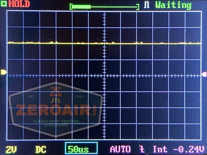 For reference, here’s a baseline shot, with all the room lights off and almost nothing hitting the sensor. Also, here’s the light with the worst PWM I could find. I’m adding multiple timescales, so it’ll be easier to compare to the test light. Unfortunately, the PWM on this light is so bad that it doesn’t even work with my normal scale, with is 50 microseconds (50us). 10ms. 5ms. 2ms. 1ms. 0.5ms. 0.2ms. In a display faster than 0.2ms or so, the on/off cycle is more than one screen, so it’d just (very incorrectly) look like a flat line. I wrote more about this Ultrafire WF-602C flashlight and explained a little about PWM too.
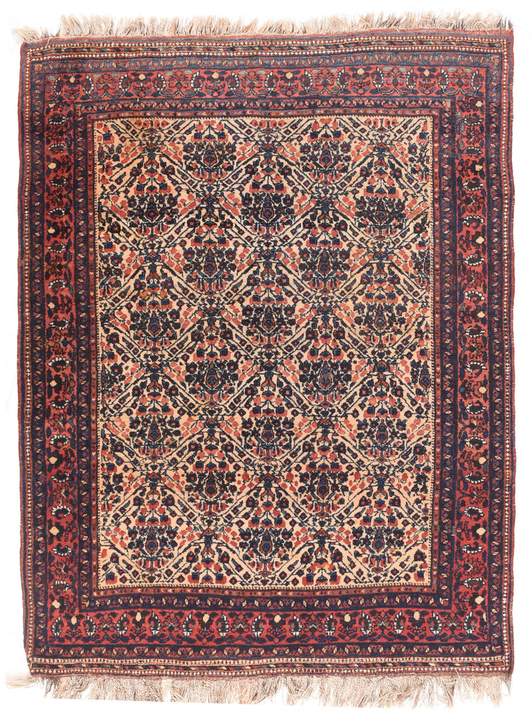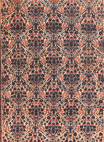 Now this is a true SE Persian antique tribal Afshar scatter with an ecru field displaying a lightly latticed one way half-drop, offset repeating cy...
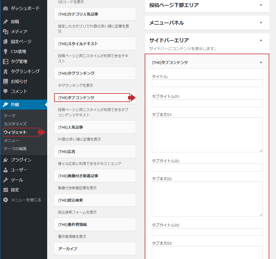 この記事では、タブコンテンツをウィジェットエリアに設置する方法をご紹介します。
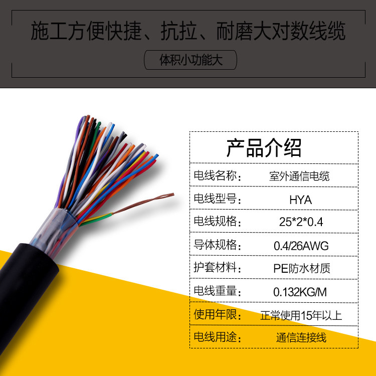 HYA100 pair large logarithmic voice telephone cable 200 pair 600 pair 400 pair 50 pair 25 pair communication cable
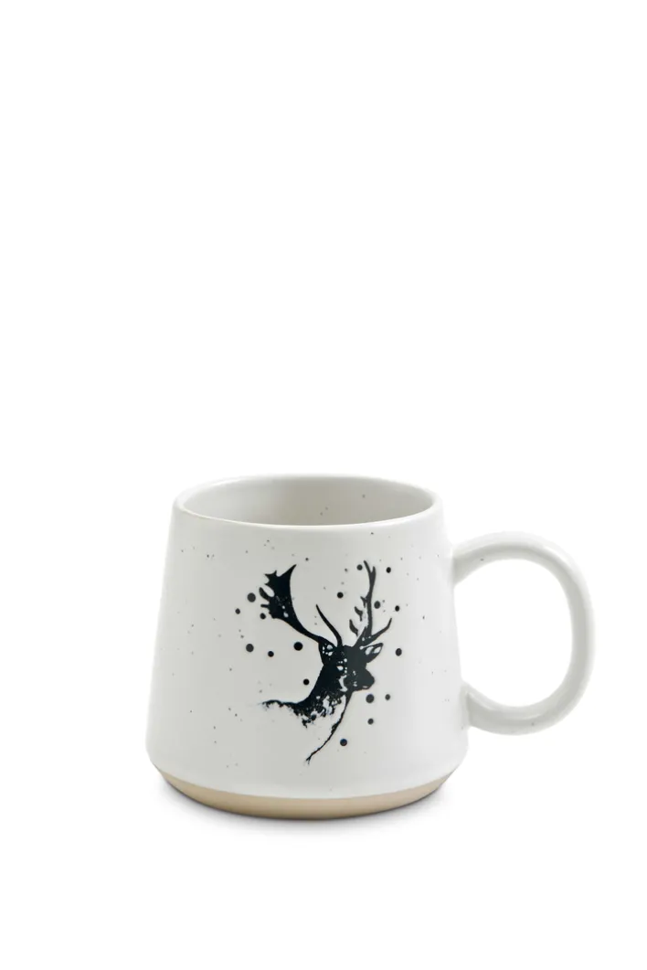 Der Kaffeebecher besteht aus Steingut-Keramik und zeigt eine zylindrische, nach unten leicht ausgestellte Form mit einem stabilen Henkel. Die Hauptfarbe ist Weiß mit einer matten, leicht gesprenkelten Oberfläche. Auf der Vorderseite befindet sich ein schwarzes Hirschmotiv, das als grafischer Druck umgesetzt ist. Die Tasse hat eine Höhe von 9 cm, eine Breite und Tiefe von jeweils 8,3 cm sowie ein Fassungsvermögen von 430 ml. Der Becher eignet sich für den Einsatz im Innenbereich, insbesondere im Wohnzimmer.
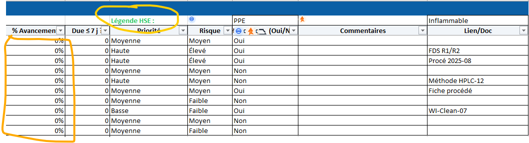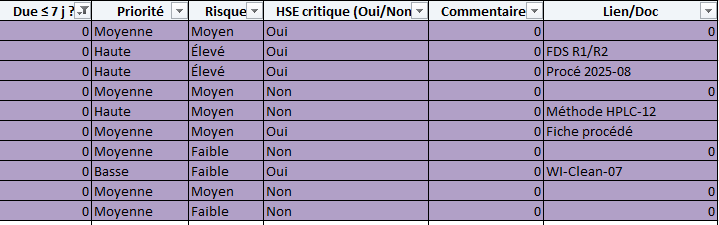- Risques & HSE : Priorité, Niveau de risque, HSE critique (Oui/Non), Commentaires, Lien/Doc (FDS, méthode analytique…).
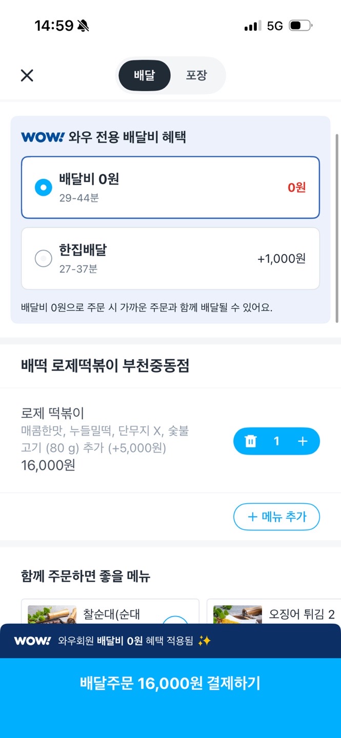 - 와우 회원의 경우 배달비가 0원이라는 점을 강조
※
* Task requirements:
Your copy should hold only the lines from the one containing "Der Kaffeebecher besteht" through the last line of the listing, both included, retyped exactly and free of pictures.

* Result for this exercise:
 Der Kaffeebecher besteht aus Steingut-Keramik und zeigt eine zylindrische, nach unten leicht ausgestellte Form mit einem stabilen Henkel. Die Hauptfarbe ist Weiß mit einer matten, leicht gesprenkelten Oberfläche. Auf der Vorderseite befindet sich ein schwarzes Hirschmotiv, das als grafischer Druck umgesetzt ist. Die Tasse hat eine Höhe von 9 cm, eine Breite und Tiefe von jeweils 8,3 cm sowie ein Fassungsvermögen von 430 ml. Der Becher eignet sich für den Einsatz im Innenbereich, insbesondere im Wohnzimmer.
- Risques & HSE : Priorité, Niveau de risque, HSE critique (Oui/Non), Commentaires, Lien/Doc (FDS, méthode analytique…).
 - 와우 회원의 경우 배달비가 0원이라는 점을 강조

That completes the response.